* [RECORD EXCERPTS]:
:::::
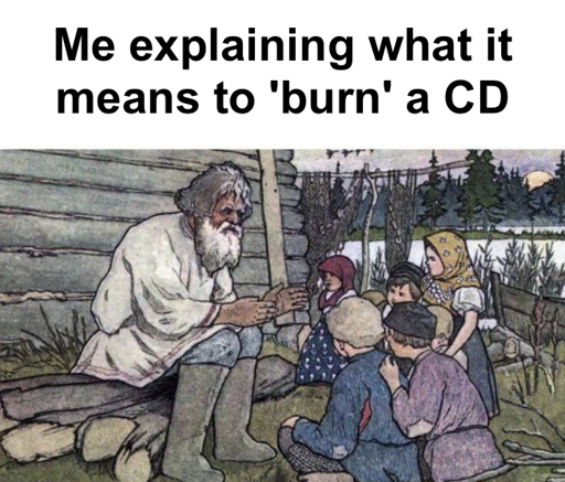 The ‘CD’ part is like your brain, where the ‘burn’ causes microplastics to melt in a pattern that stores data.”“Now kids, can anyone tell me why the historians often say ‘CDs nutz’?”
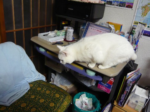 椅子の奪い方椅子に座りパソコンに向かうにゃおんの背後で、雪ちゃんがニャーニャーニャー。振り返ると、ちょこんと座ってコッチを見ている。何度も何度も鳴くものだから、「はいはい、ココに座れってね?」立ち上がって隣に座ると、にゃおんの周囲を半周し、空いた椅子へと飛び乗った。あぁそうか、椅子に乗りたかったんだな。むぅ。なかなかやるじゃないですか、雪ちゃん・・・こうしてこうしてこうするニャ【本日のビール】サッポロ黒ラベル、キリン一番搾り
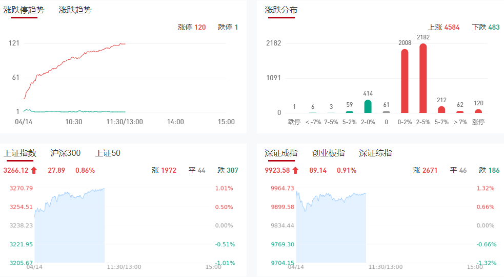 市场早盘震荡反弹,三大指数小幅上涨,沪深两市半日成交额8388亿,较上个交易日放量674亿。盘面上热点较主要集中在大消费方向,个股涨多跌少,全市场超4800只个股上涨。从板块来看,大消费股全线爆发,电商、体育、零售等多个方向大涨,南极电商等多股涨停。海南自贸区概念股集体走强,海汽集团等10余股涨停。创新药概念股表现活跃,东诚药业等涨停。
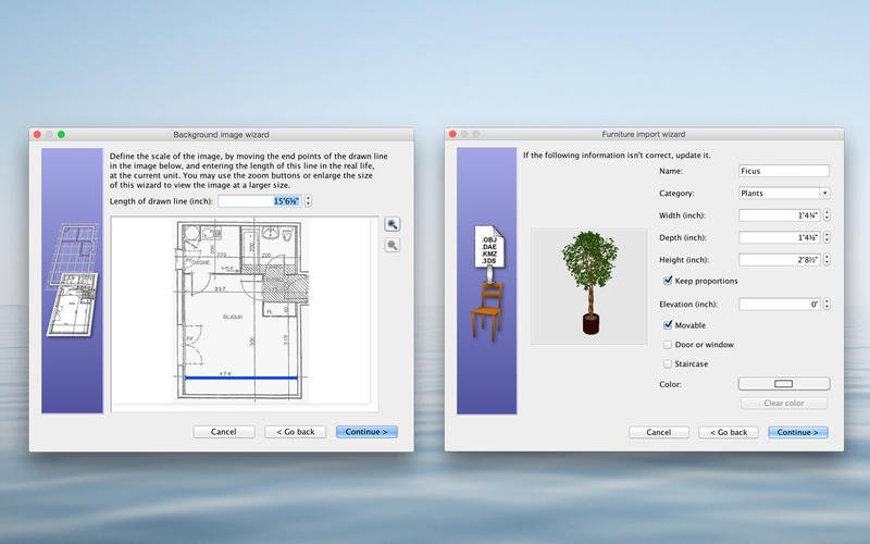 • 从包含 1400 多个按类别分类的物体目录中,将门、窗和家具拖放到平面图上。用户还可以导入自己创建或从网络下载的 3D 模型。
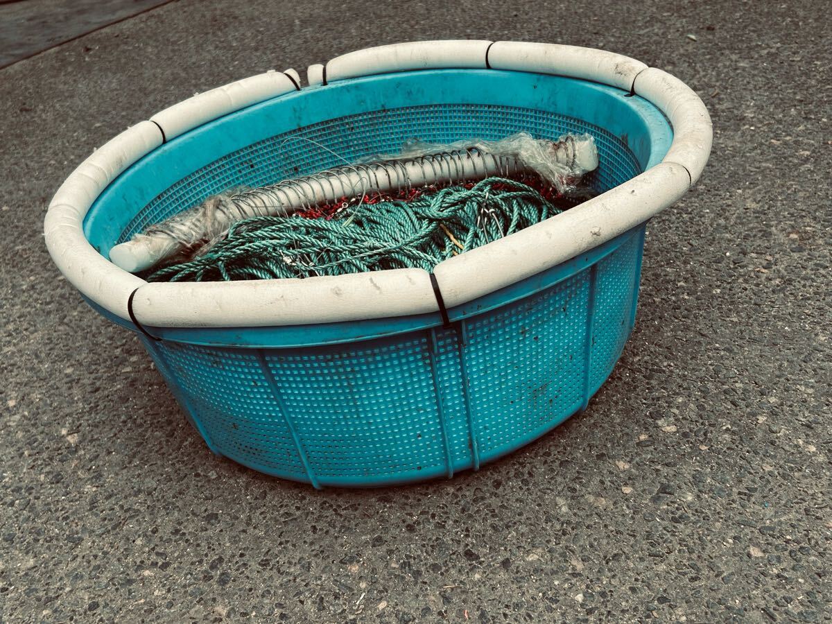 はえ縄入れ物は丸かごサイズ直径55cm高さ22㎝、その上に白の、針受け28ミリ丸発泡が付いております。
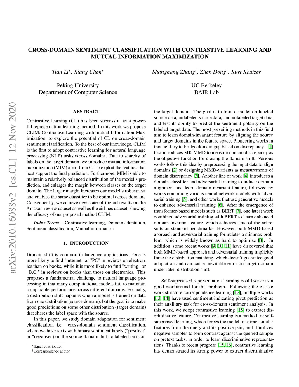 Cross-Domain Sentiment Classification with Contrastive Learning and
:::::
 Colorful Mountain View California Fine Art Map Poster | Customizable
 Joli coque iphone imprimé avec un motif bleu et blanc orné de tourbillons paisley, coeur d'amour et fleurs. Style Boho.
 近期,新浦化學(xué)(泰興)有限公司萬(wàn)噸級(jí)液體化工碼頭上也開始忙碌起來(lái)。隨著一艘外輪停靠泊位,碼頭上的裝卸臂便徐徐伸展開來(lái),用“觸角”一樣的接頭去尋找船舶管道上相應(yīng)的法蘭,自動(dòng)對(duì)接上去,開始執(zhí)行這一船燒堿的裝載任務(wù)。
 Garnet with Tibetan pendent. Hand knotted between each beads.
:::::
* [WHAT NEEDS TO BE DONE]: Within these entries, output exactly the lines starting at the one with "The ‘CD’ part" and finishing at the one with "椅子の奪い方椅子に座りパソコ". Leave pictures out of the output.

* [RESPONSE BELOW]:
 The ‘CD’ part is like your brain, where the ‘burn’ causes microplastics to melt in a pattern that stores data.”“Now kids, can anyone tell me why the historians often say ‘CDs nutz’?”
 椅子の奪い方椅子に座りパソコンに向かうにゃおんの背後で、雪ちゃんがニャーニャーニャー。振り返ると、ちょこんと座ってコッチを見ている。何度も何度も鳴くものだから、「はいはい、ココに座れってね?」立ち上がって隣に座ると、にゃおんの周囲を半周し、空いた椅子へと飛び乗った。あぁそうか、椅子に乗りたかったんだな。むぅ。なかなかやるじゃないですか、雪ちゃん・・・こうしてこうしてこうするニャ【本日のビール】サッポロ黒ラベル、キリン一番搾り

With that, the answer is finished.